## Exercise aim
Take each line of the listing that has the string "made" and report it.

━━━━━━━━━━━━━━━━━━━━

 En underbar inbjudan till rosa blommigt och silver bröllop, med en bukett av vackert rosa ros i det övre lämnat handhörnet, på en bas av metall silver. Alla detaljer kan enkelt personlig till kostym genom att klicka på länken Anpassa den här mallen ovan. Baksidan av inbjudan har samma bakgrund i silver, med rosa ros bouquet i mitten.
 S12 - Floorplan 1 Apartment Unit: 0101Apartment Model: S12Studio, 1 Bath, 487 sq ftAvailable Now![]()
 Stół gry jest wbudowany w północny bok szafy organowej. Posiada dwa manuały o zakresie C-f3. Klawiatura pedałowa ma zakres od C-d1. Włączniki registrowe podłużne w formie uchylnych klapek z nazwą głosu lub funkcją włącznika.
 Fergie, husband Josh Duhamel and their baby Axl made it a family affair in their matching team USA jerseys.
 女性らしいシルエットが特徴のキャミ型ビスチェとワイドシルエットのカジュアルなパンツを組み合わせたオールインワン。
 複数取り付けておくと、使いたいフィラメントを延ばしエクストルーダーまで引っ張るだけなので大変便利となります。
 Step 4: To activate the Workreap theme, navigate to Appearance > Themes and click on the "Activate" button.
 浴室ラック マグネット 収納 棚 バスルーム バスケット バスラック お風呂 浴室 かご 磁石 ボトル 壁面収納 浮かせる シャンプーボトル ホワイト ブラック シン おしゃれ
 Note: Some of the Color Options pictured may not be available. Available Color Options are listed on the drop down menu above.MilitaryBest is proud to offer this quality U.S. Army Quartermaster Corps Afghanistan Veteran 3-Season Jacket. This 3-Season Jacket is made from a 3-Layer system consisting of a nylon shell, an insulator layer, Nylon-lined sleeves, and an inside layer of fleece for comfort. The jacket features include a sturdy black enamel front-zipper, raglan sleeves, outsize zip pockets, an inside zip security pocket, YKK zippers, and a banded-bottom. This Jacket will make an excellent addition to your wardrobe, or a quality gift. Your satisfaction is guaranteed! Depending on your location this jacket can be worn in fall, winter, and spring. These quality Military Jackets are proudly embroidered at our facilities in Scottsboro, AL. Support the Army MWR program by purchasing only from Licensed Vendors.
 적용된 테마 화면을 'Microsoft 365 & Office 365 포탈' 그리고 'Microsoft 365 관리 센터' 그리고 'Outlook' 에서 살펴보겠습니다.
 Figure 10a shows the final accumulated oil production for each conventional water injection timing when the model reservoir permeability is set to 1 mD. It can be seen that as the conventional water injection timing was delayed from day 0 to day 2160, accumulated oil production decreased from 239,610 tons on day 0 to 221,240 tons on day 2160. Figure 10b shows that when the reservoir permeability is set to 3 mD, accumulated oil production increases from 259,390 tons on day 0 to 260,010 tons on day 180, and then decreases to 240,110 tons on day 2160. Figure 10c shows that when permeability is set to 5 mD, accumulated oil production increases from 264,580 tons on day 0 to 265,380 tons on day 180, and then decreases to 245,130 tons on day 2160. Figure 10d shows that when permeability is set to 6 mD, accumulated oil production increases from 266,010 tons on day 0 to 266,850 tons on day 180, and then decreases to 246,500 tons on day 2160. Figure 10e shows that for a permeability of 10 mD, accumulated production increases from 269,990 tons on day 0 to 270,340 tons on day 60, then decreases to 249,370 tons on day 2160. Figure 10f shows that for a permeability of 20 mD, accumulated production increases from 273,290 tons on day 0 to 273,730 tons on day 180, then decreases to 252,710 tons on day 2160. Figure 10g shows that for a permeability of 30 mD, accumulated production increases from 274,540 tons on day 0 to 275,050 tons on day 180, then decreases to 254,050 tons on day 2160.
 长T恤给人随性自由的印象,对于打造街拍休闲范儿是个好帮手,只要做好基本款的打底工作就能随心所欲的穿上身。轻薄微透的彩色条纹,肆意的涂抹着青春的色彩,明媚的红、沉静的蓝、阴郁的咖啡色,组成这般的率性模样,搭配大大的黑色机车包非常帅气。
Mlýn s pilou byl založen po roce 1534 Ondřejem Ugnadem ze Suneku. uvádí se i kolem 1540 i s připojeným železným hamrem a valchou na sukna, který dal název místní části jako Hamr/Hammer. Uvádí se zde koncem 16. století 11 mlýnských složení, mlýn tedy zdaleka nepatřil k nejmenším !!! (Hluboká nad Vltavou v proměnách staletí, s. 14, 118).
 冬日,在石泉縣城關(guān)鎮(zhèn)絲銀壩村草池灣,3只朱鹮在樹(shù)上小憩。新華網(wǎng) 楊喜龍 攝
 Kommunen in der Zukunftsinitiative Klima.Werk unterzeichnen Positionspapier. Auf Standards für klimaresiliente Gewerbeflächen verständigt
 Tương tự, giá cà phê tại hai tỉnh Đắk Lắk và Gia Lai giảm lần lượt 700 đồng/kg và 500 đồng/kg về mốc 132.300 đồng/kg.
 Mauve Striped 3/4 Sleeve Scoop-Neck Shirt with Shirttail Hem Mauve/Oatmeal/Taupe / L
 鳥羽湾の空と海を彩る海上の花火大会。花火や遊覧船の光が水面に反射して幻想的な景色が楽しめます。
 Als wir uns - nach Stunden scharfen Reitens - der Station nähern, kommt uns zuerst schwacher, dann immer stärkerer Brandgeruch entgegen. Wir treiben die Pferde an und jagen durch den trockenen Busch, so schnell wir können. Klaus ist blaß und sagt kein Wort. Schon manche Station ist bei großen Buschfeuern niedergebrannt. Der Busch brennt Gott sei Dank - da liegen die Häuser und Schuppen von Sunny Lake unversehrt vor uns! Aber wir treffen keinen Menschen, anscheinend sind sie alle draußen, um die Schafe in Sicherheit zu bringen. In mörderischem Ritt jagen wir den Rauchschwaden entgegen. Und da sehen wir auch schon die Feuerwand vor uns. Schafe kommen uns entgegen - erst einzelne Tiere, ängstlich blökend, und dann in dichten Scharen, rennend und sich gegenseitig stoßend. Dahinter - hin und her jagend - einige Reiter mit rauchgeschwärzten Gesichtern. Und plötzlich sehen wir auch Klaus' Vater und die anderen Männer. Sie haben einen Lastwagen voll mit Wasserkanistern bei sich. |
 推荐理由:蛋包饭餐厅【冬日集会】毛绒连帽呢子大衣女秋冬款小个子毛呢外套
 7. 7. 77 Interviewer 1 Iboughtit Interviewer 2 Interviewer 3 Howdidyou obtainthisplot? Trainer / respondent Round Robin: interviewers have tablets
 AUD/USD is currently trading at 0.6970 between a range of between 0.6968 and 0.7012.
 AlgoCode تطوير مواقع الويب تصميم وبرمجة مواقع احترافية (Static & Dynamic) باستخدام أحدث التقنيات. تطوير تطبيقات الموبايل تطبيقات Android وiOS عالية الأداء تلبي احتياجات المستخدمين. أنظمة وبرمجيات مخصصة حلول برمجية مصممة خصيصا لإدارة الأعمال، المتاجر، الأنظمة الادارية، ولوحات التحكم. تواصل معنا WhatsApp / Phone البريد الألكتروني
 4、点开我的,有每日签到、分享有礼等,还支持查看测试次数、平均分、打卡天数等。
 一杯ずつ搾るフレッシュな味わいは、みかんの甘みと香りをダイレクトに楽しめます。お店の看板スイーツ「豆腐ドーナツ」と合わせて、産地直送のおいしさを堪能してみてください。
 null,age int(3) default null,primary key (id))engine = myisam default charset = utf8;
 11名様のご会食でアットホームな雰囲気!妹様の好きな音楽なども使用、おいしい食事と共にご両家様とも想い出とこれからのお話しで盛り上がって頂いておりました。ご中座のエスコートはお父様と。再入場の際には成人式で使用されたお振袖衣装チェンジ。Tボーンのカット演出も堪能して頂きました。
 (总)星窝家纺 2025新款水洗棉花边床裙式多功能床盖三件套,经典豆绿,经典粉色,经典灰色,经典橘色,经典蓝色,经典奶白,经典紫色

━━━━━━━━━━━━━━━━━━━━

## Answer space
 Fergie, husband Josh Duhamel and their baby Axl made it a family affair in their matching team USA jerseys.
 Note: Some of the Color Options pictured may not be available. Available Color Options are listed on the drop down menu above.MilitaryBest is proud to offer this quality U.S. Army Quartermaster Corps Afghanistan Veteran 3-Season Jacket. This 3-Season Jacket is made from a 3-Layer system consisting of a nylon shell, an insulator layer, Nylon-lined sleeves, and an inside layer of fleece for comfort. The jacket features include a sturdy black enamel front-zipper, raglan sleeves, outsize zip pockets, an inside zip security pocket, YKK zippers, and a banded-bottom. This Jacket will make an excellent addition to your wardrobe, or a quality gift. Your satisfaction is guaranteed! Depending on your location this jacket can be worn in fall, winter, and spring. These quality Military Jackets are proudly embroidered at our facilities in Scottsboro, AL. Support the Army MWR program by purchasing only from Licensed Vendors.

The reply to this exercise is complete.